# what are these and are they worth anything



## drodgers82 (Jun 15, 2011)

i have a few of these just not sure what they are :?: can anyone let me know thanks


----------



## Militoy (Jun 16, 2011)

Look up Cypress Semiconductor RAM 9 (90 nm) QDRII/DDRII S-RAM memory.


----------



## macfixer01 (Jun 16, 2011)

Militoy said:


> Look up Cypress Semiconductor RAM 9 (90 nm) QDRII/DDRII S-RAM memory.

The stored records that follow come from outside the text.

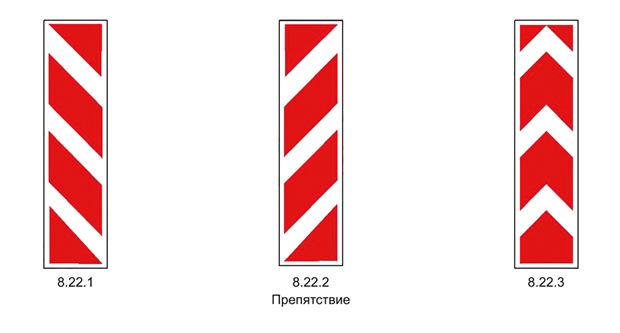 Таблички 8.22.1–8.22.3 «Препятствие». Обозначают препятствие и направление его объезда. Применяются со знаками 4.2.1–4.2.3.
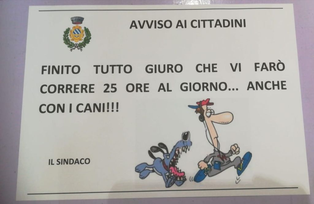 "Ho pensato che qualcosa fatto a vignetta valesse più di tante parole! - ha spiegato la sindaca Zucco - Ci sono “podisti” mai visti correre e cani che escono 10 volte al giorno!! È un avvertimento per fare stare a casa se vogliamo che tutto finisca prima dobbiamo essere attenti e rispettare le regole".
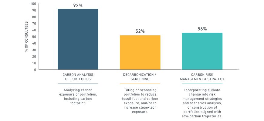 However, there are important regional distinctions. While European institutional investors generally showed more interest in carbon risk and management strategies, U.S. institutions preferred decarbonization/screening. Dissimilar U.S. and European regulatory regimes could explain the difference, though there is no favored approach even within Europe.
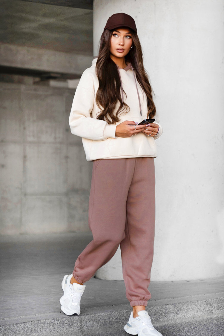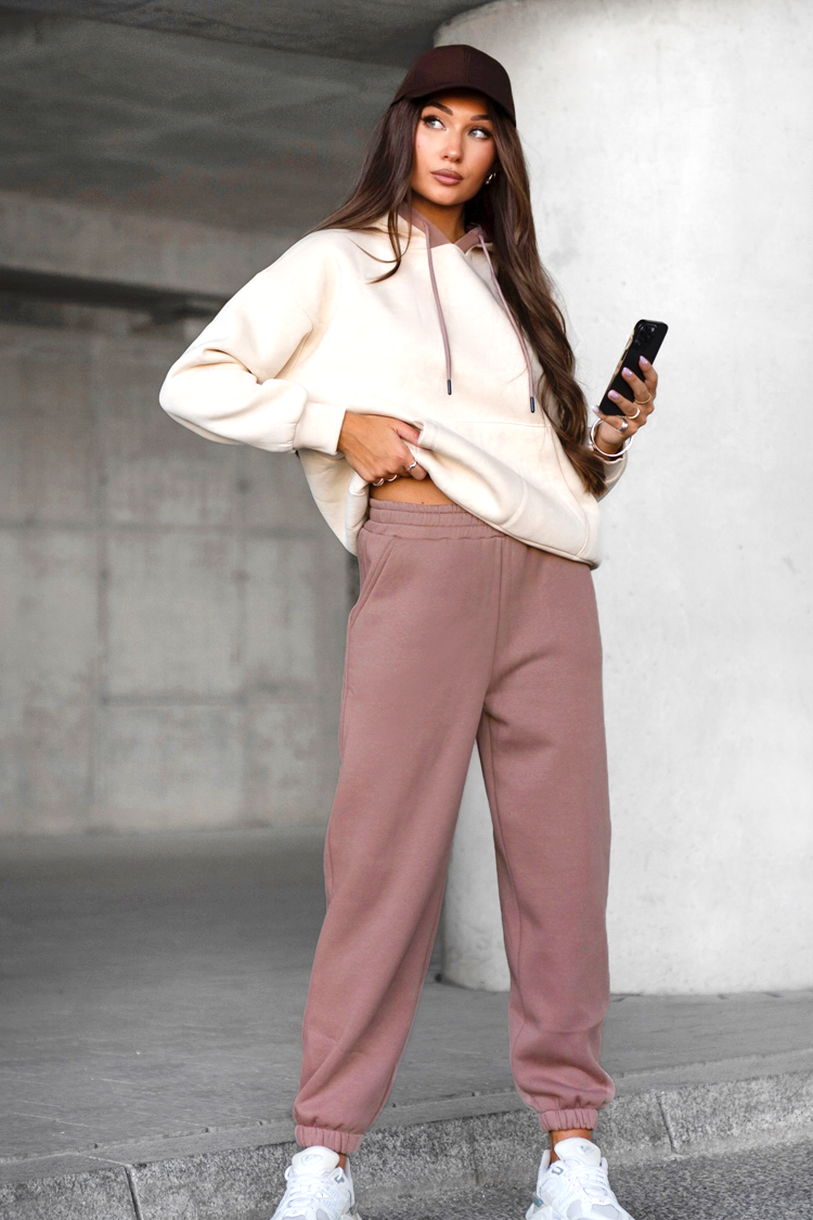 - Spodnie mają wygodny krój, wysoką gumkę w pasie i boczne kieszenie.
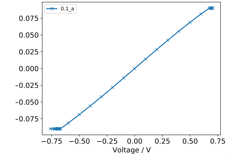 The tungsten carbide needle itself forms a thin oxide layer which leads to bad conductivity of the tip. To get rid of this oxide layer, scratching the needle onto the surface was not sufficient. Increasing the voltage between the two tips when connecting them together, however revealed a significant drop in resistance. Therefore, it was suspected that the oxide layer gets destroyed after a certain current is reached and as a consequence, of that, a temperature was reached, which destroyed this thin oxide layer.
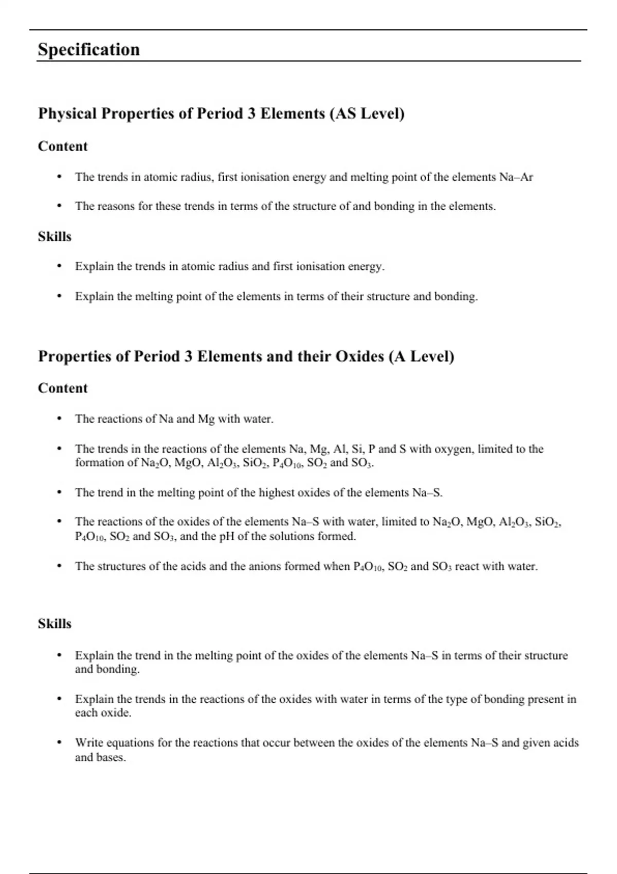 • The trends in the reactions of the elements Na, Mg, Al, Si, P and S with oxygen, limited to the
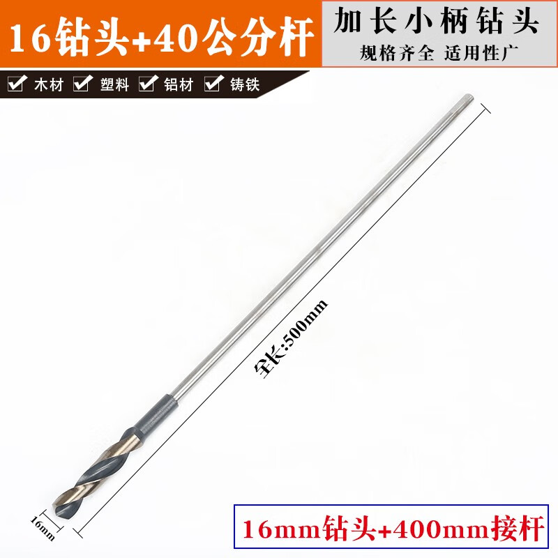 Cuigui extended twist drill, small handle twist drill template drill, woodworking drill bit, extension rod to connect woodworking drill bit 600 long, 16 drill bit + 40 cm extension rod for one price

Cypress? I kinda doubt that only because they aren't one of the older companies. I've seen chips similar in design to this on an old DEC board once. Actually there is an interesting website I found with pictures of vintage chips and electronics. I was surprised to see how many companies made chips with this unusual white ceramic with holes packaging. If you click the Others link, then some of the different manufacturer links, you'll see that Fairchild, Mostek, LSI, NCR, and TTY are all examples. Btw you can turn off the music at the top-left of the page if you're not into Johnny Cash.

http://www.chiefish.com/


macfixer01


----------



## dtectr (Jun 16, 2011)

these may help?

http://how-to.wikia.com/wiki/How_to_identify_chip_packages

http://info.electronicwerkstatt.de/bereiche/bauteile/ic_logo/


----------



## Chiefish (Jun 16, 2011)

Hi This is my first post here and Im glad I can help , Those are ram chips from a Four Phase Systems computer. Thats the name of the company who made them. They were not around for too long if I remember correctly and are pretty rare to see. I used to have a small batch of them before i sold them not knowing how rare they actually are.
As a mattter of fact let me know if youre going to scrap them and maybe I can give you more than scrap value for them.


----------



## drodgers82 (Jun 16, 2011)

yeah i was interested in selling them what would you say they were worth? im not trying to get over on anyone and would like the same in return i have 5 of them


----------



## goldsilverpro (Jun 16, 2011)

As far as gold is concerned, I would guess about $300/pound, maybe a little more.


----------



## Chiefish (Jun 16, 2011)

I sent you a pm.


----------



## Militoy (Jun 17, 2011)

macfixer01 said:


> Militoy said:
> 
> 
> > Look up Cypress Semiconductor RAM 9 (90 nm) QDRII/DDRII S-RAM memory.
> ...



I guess I didn't trace back the complete trail of the RAM-9 chip - I agree the original manufacturer was very likely Four-Phase. Four-Phase spun off of Fairchild in 69 in an unauthorized spin-off. It was aquired by Motorola in 82. The same year, Cypress Semiconductor spun off of AMD, and the RAM-9 trademark was somehow transferred from Motorola to Cypress after that. Cypress still owns the trademark. Lee Boysel of Four-Phase was a pioneer in MOS memory. The ceramic chips with the mounting hole and slot do appear kind of unusual - I've only seen the package used in Top-Octave Synthesizers and Complex-Voicing Generators.


----------



## macfixer01 (Jun 21, 2011)

Militoy said:


> macfixer01 said:
> 
> 
> > Militoy said:
> ...




Thanks for the info. I did see several references to the RAM-9 name and Cypress when searching but as usual about all that came up were links to sites soliciting buyers of NOS chips.

macfixer01


----------